Loren poznała Pontiego w 1950 roku – miała wówczas 15 lat, on 37; w dodatku był żonaty. Jakiś czas później zaczęli się spotykać, a w 1957 roku wzięli ślub... który został unieważniony, gdy wyszło na jaw, że producent nie dopełnił wszystkich formalności związanych z rozwodem z pierwszą żoną.
Miłość aż po grób
Nic dziwnego, że Loren dorobiła się miana femme fatale – Pontiego oskarżono o bigamię, a ona sama musiała znosić zniewagi z ust „dbających o moralność” kobiet. W 1965 roku Ponti i Loren wyjechali do Francji, gdzie reżyserowi udało się wreszcie sfinalizować rozwód, i rok później, gdy oboje otrzymali francuskie obywatelstwo, wzięli ślub.

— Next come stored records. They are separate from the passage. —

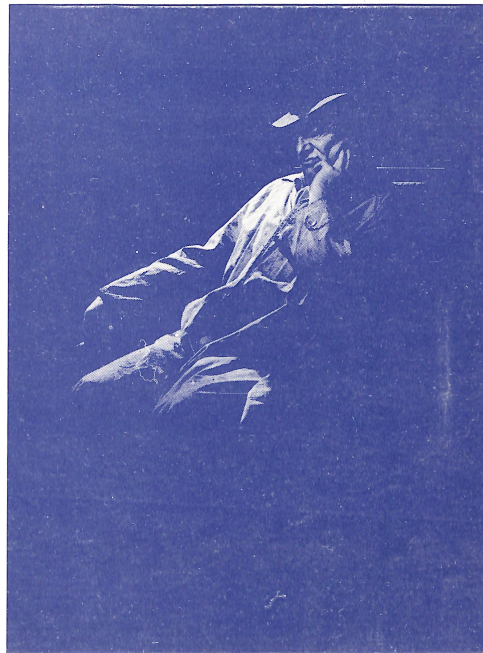
АТАНАС НАШОКУ II НАГРАДА ЗА ФОТОГРАФИЈА – ЧОПЕЛА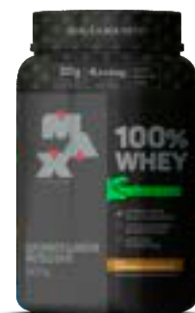
100% WHEY DINO CMLLO MACCHIATO MAX TITANIUM POTE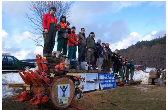
Příloha: foto Dřevorubec

Akce dopadla na výbornou a za to patří díky spoustě lidí. Mezi hlavní sponzory Dřevorubce patří: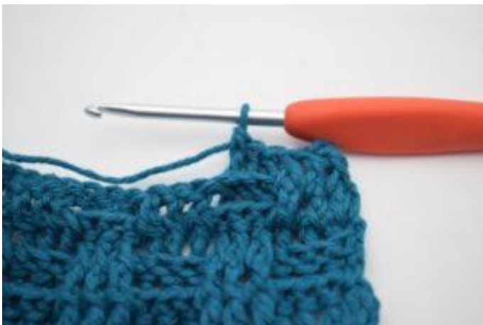
7. Hækl 1 brstgm omkring de næste 2 stgm-stolper.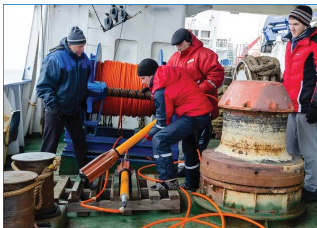
Магнитометр-градиентометр SeaSPY-2 на борту судна

обстановка, связанная с обилием дрейфующих ледяных полей и крупных одиночных айсбергов, особенно в южной части района работ. Однако, несмотря на объективные трудности, геофизическими маршрутами удалось пересечь основные структурные области, определяю-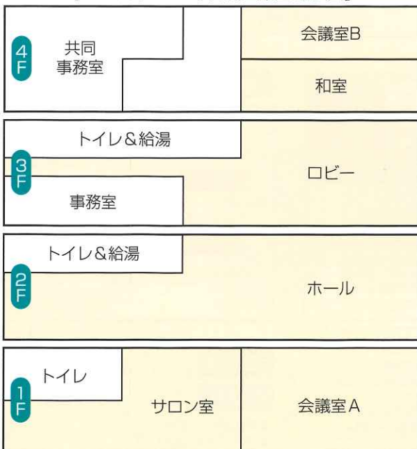
【ウエスト100(本館) 部屋割り図】

は同駅より北へ10Mの意味です。いずれも賃貸物件ですが、内部は4600万円かけて改装した新品(?)です。ホール、スタジオ、会議室計8室、共同事務所などです。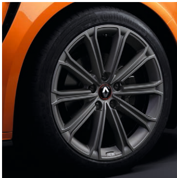
18" Estoril könnyűfém tárcsa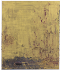
Silkworm 2017 130 x 110 cm oil on canvas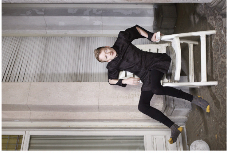
● Warr Kamps voor PS/Parool

Toch weerhoudt dat Jouk niet van haar tijdrovende zoektocht. 'Als ik geluk heb, heb ik zo'n twee huizen achter de hand. Maar als ik echt onder de indruk ben, neem ik niet het risico dat het huis verkocht is als ik het nodig heb. Dan grijp ik mijn kans en bedenik ik een vrij werk.'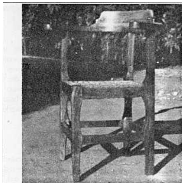
Die James Smith hoekstoel. Die meubelmaker het heelwat van hierdie stoele, onder meer vir ondernemings as kantoormeublement, gemaak.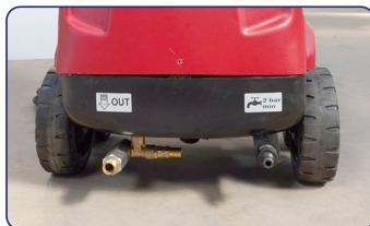
Fácil acceso a los conectores de mangueras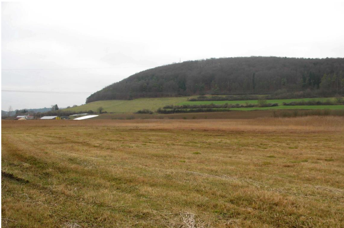
Abb. 3: Mahd der Pfeifengraswiesen im Herbst 2010

Der Kernbereich des Naturschutzgebietes wird regelmäßig im Herbst gemäht. Die Wiese auf Flurstück 594/0 wird zweimal im Jahr gemäht, der erste Schnittzeitpunkt liegt nach dem 1. Juli. Die Wiese wird über das Bayerische Kulturlandschaftsprogramm gefördert, eine Düngung erfolgt nicht. Die sonstigen Flächen, ca. zwei Drittel des Gebietes, sind ungenutzt.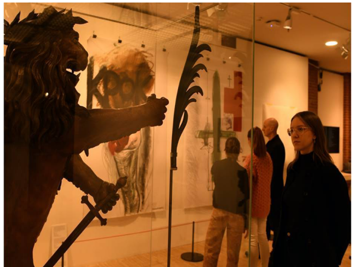
Swedish Wine Lion of the peace congress in Nuremberg, Schwedischer Weinlöwe Stadtmuseum Fembohaus, Museen der Stadt Nuremberg, Germany 1649 Wood, painted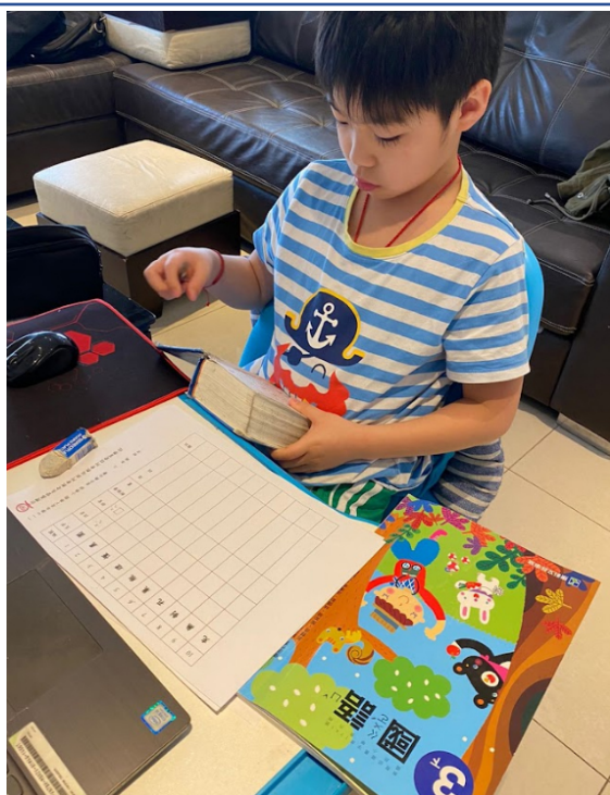
110學年度愛育學校 正體漢字文化節「全校查字典比賽」3

Ich uczucie przetrwało wszystkie trudne chwile. Wspólnie wychowali dwóch synów. Rozdzieliła ich dopiero śmierć Pontiego w 2007 roku. Kiedy pytano wdowę, czy zamierza wyjść jeszcze kiedyś za mąż, odpowiadała:
- Nie, nigdy. Nie potrafiłabym pokochać nikogo innego.
''Jestem bardzo nieśmiała''
Jako aktorka odnosiła kolejne oszałamiające sukcesy. Zagrała niemal w stu filmach, otrzymując za swe występy kolejne nominacje i nagrody. Pierwszego Oscara dostała za rolę w „Matce i córce” z 1960 roku – to dzięki temu wyróżnieniu zwróciła na siebie uwagę zagranicznych twórców i mogła zrobić międzynarodową karierę, pracując z najwybitniejszymi aktorami i reżyserami.

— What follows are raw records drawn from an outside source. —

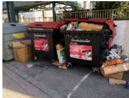
Die Sammelstellen für Altglas und Altpapier werden zu Mülldeponien!

Reparaturen an gemeindeeigenen Objekten werden von der Stadt Enns bezahlt, da dafür keine Versicherung aufkommt. Das heißt, dass Steuergelder für diese Instandsetzungen herangezogen werden müssen. Dasselbe gilt für die Reinigung der Abfall-Sammelstellen. Das Stadtamt Enns weist dar-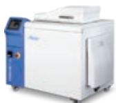
STERIPLUS™ 20 2/5 kg/h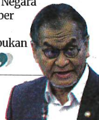
Dr Dzulkefly Ahmad, Menteri Kesihatan

Penubuhan Dana Kesihatan Negara akan mengumpul pelbagai sumber pembiayaan yang dirancang termasuk daripada hasil cukai, bukan cukai dan juga dana dikhaskan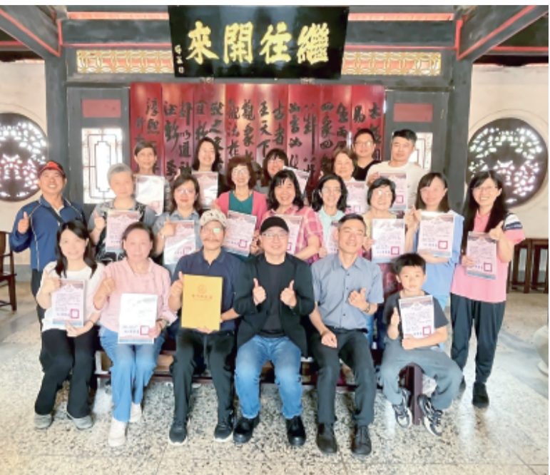
文化局朱子祠寫作班圓滿結業。

記者蔡麗玉／金城報導 五月海風輕拂活島，一場融合音樂、情感與文化交流的合唱盛會，昨(16)日下午3時於金門縣文化局演藝廳溫暖登場。「活島情·知音聚」跨海和鳴聯誼音樂會，邀集金門與台灣本島四組優秀合唱團同台演出，以歌聲跨越海峽，以旋律串聯人心，吸引眾多鄉親與愛樂人士到場欣賞，共度充滿藝術氣息的五月午後。 本次音樂會由金門縣政府、行政院金馬聯合服務中心指導，金門縣文化局與財團法人金門酒廠胡璉文化藝術基金會共同主辦，展現地方對藝術扎根與跨域文化交流的重視。現場貴賓雲集，包括副縣長李文良、行政院金馬聯合服務中心執行長吳煥堉、縣議員王國代、金湖鎮長陳文顯、立委陳玉珍辦公室主任董志謙、文化局長陳榮昌，以及胡璉文化藝術基金會董事長陳龍安等人士皆親臨會場，共同聆聽欣賞這場別具意義的音樂交流盛會。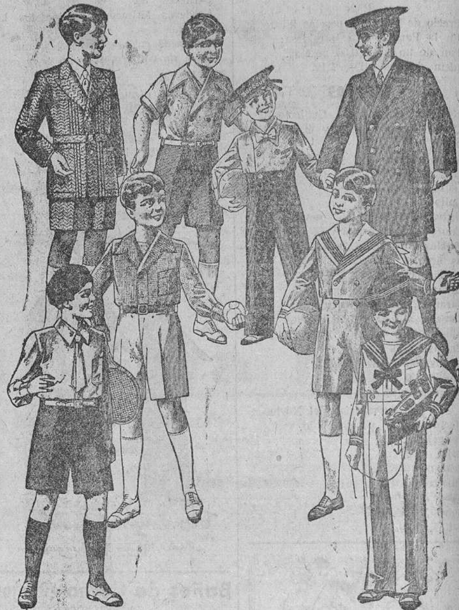
Trajecitos, modelos novedad, de 15, 18, 20, 25 y 30 pesetas

Primera casa en confecciones para caballero, señora y niños Plaza Mayor, 42. Lato-Calvo, 9 y 11.--Sucursal: Plaza Mayor, 6, Burgos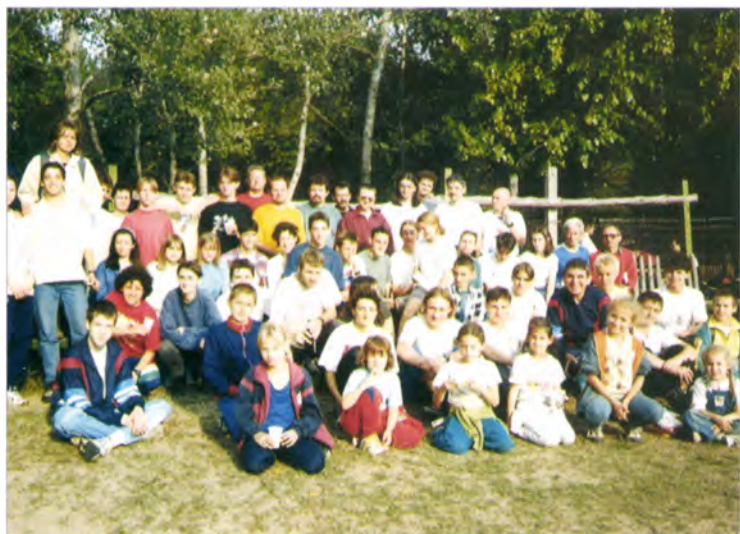
Az SZVSE rendezői 1998-ban (Zsana, Pásztor tanya)

W 1991 roku otrzymała drugą statuetkę, tym razem za całokształt twórczości. Loren żałowała tylko, że nie udało się jej pokonać wrodzonego lęku przed występami na żywo i zawojować teatrów.

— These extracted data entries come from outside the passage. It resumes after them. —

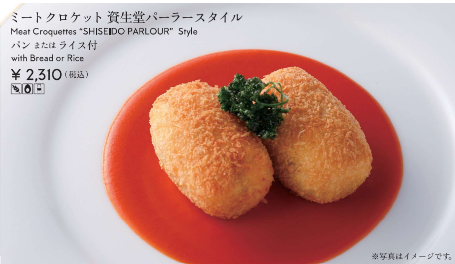
ミートクロケット 資生堂パーラースタイル Meat Croquettes "SHISEIDO PARLOUR" Style パンまたはライス付 with Bread or Rice ¥ 2,310 (税込) 🍴🍴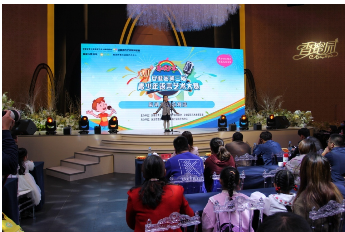
青少年语言艺术大赛活动活动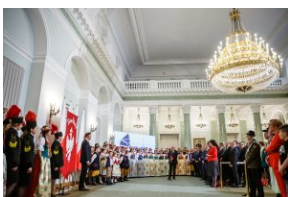
Spotkanie z Prezydentem RP Andrzejem Dudą i Pierwszą Damą Agatą Kornhauser-Dudą w Pałacu Prezydenckim.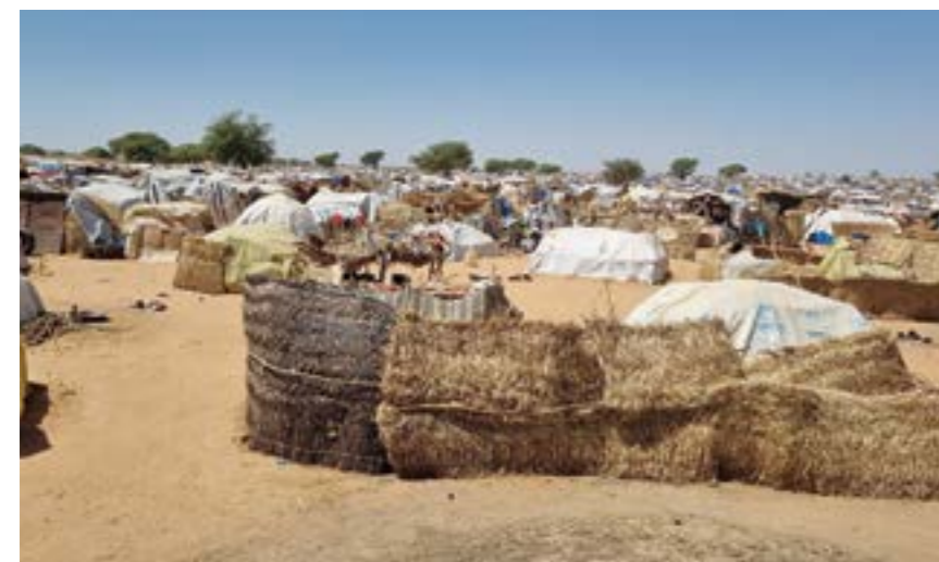
TCHAD. I flyktinglägret Adre, ett transitläger på gränsen till Sudan, befinner sig 160 000 människor på flykt från stridigheterna. Läkarmissionen arbetar med att förbättra förhållandena inom vatten och sanitet i 14 flyktingläger i östra Tchad.

- Jestem bardzo nieśmiała – wyznawała. - Nigdy nie próbowałam grać w teatrze. Wiele razy najsłynniejsi amerykańscy twórcy zapraszali mnie na scenę, ale nigdy się nie zgodziłam.
''Żyję, żeby grać''
- Moje życie było bajką, która trwa i mam nadzieję, że nigdy się nie skończy – mówiła Loren. Zdobyła prawdziwą sławę, poznała miłość swego życia i wciąż cieszy się sympatią publiczności. Nawet kiedy w 1982 roku trafiła za kraty (sąd uznał, że ukrywała swoje dochody, by płacić mniejsze podatki), prasa była dla niej nad wyraz łaskawa i nazwała ją „najpiękniejszą więźniarką świata”.
- Jestem aktorką. To moja pasja, żyję, żeby grać – mówiła. I choć ostatnio coraz rzadziej pojawia się na ekranie (ostatnio w krótkometrażowym „La voce umana” z kwietnia 2014 roku), fani wierzą, że Sophia Loren nie powiedziała jeszcze ostatniego słowa.